(Records excerpted from a collection)
=======

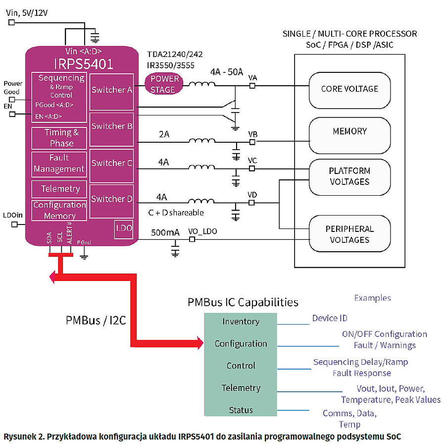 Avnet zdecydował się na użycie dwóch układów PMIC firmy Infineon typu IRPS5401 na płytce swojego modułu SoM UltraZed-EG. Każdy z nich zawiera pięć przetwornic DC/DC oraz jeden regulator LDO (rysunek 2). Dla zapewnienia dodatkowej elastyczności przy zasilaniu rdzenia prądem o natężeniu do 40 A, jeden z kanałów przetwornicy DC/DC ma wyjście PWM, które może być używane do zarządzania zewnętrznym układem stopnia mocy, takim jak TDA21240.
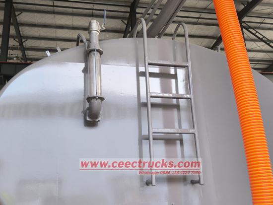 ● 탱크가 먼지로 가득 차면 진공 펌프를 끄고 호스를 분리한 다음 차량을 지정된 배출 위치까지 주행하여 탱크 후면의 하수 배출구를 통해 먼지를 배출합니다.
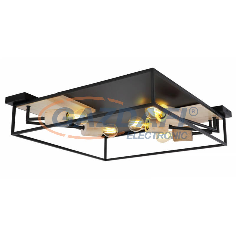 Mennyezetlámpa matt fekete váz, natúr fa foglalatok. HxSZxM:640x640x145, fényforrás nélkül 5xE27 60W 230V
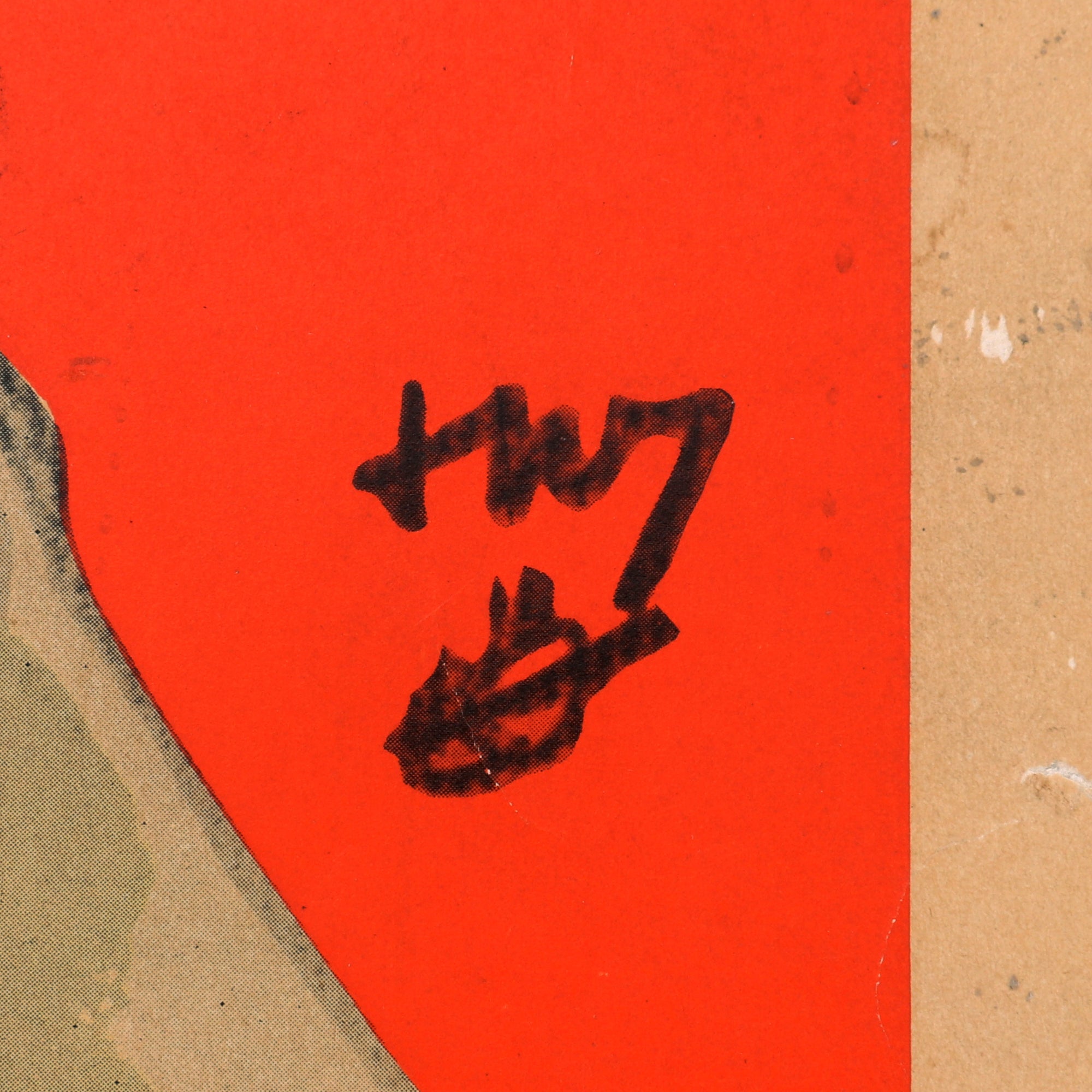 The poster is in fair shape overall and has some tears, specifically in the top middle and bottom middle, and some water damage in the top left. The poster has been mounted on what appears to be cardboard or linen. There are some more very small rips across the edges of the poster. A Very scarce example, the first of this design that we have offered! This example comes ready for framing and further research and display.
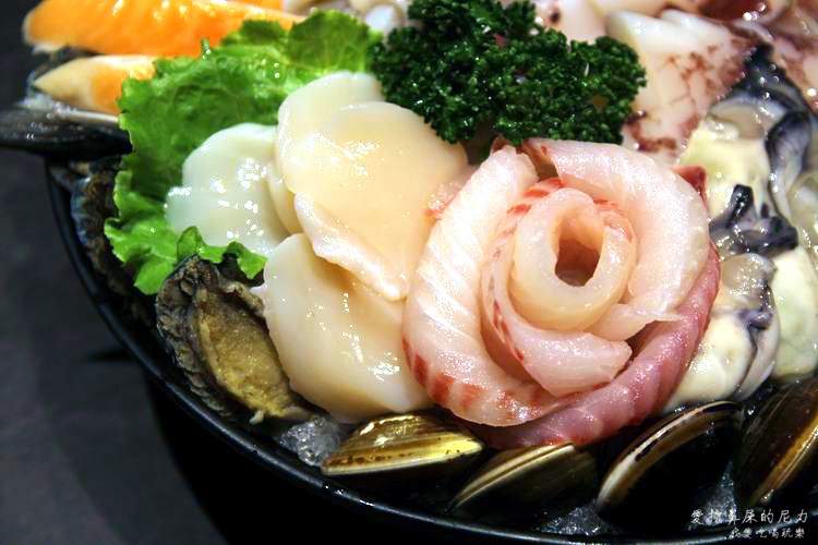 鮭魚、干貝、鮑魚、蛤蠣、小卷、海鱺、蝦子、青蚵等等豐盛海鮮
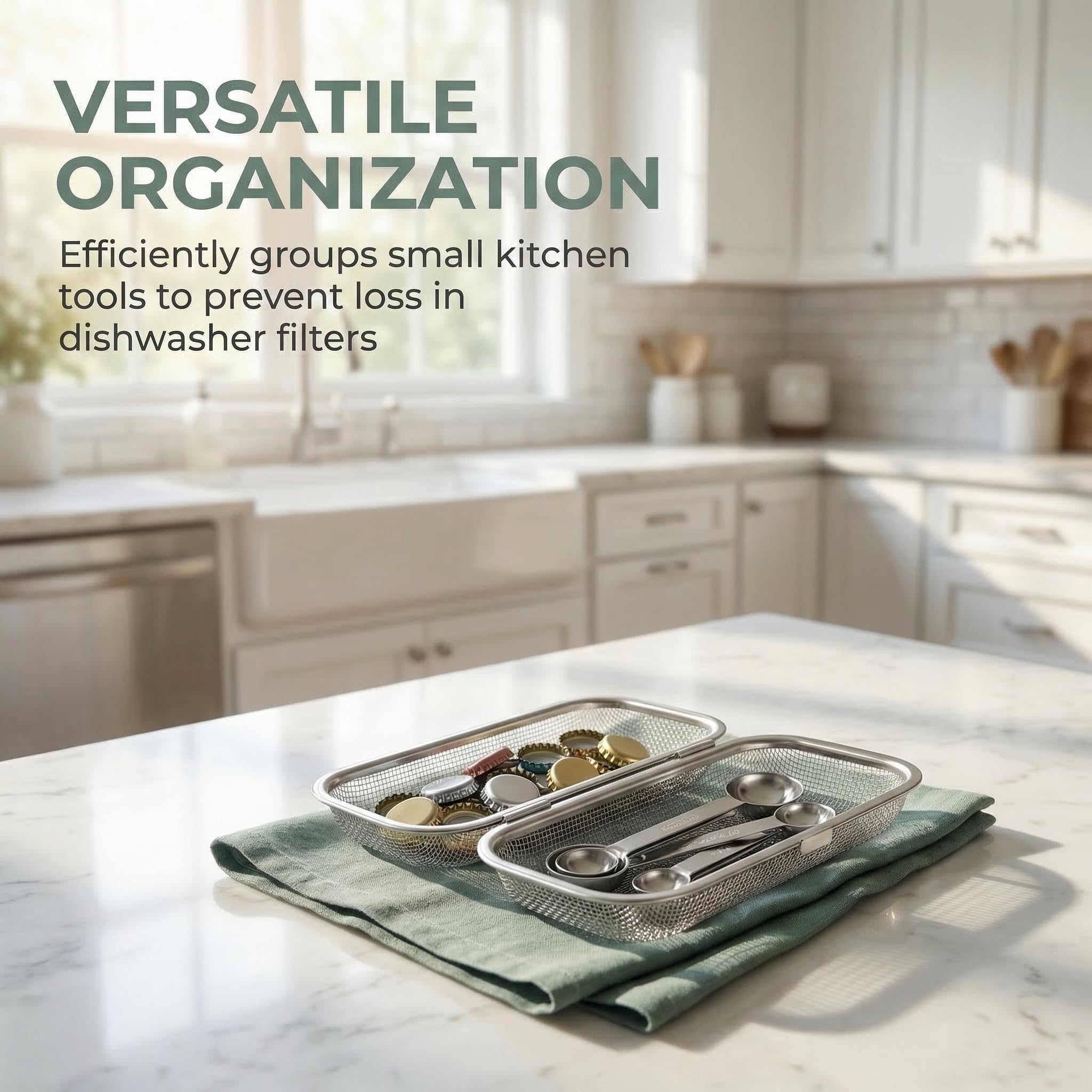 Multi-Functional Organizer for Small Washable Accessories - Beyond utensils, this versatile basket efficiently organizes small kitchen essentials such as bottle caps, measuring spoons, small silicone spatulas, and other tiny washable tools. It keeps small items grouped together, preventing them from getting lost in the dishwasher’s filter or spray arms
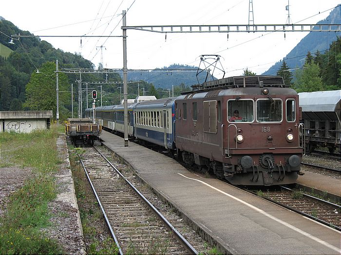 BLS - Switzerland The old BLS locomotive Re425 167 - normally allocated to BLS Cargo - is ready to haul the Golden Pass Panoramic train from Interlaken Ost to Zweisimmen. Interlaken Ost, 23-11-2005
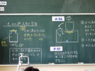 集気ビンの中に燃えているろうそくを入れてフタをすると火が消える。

=======

Task to complete: Give every entry back unchanged, with no pictures.

Final answer:
 Avnet zdecydował się na użycie dwóch układów PMIC firmy Infineon typu IRPS5401 na płytce swojego modułu SoM UltraZed-EG. Każdy z nich zawiera pięć przetwornic DC/DC oraz jeden regulator LDO (rysunek 2). Dla zapewnienia dodatkowej elastyczności przy zasilaniu rdzenia prądem o natężeniu do 40 A, jeden z kanałów przetwornicy DC/DC ma wyjście PWM, które może być używane do zarządzania zewnętrznym układem stopnia mocy, takim jak TDA21240.
 ● 탱크가 먼지로 가득 차면 진공 펌프를 끄고 호스를 분리한 다음 차량을 지정된 배출 위치까지 주행하여 탱크 후면의 하수 배출구를 통해 먼지를 배출합니다.
 Mennyezetlámpa matt fekete váz, natúr fa foglalatok. HxSZxM:640x640x145, fényforrás nélkül 5xE27 60W 230V
 The poster is in fair shape overall and has some tears, specifically in the top middle and bottom middle, and some water damage in the top left. The poster has been mounted on what appears to be cardboard or linen. There are some more very small rips across the edges of the poster. A Very scarce example, the first of this design that we have offered! This example comes ready for framing and further research and display.
 鮭魚、干貝、鮑魚、蛤蠣、小卷、海鱺、蝦子、青蚵等等豐盛海鮮
 Multi-Functional Organizer for Small Washable Accessories - Beyond utensils, this versatile basket efficiently organizes small kitchen essentials such as bottle caps, measuring spoons, small silicone spatulas, and other tiny washable tools. It keeps small items grouped together, preventing them from getting lost in the dishwasher’s filter or spray arms
 BLS - Switzerland The old BLS locomotive Re425 167 - normally allocated to BLS Cargo - is ready to haul the Golden Pass Panoramic train from Interlaken Ost to Zweisimmen. Interlaken Ost, 23-11-2005
 集気ビンの中に燃えているろうそくを入れてフタをすると火が消える。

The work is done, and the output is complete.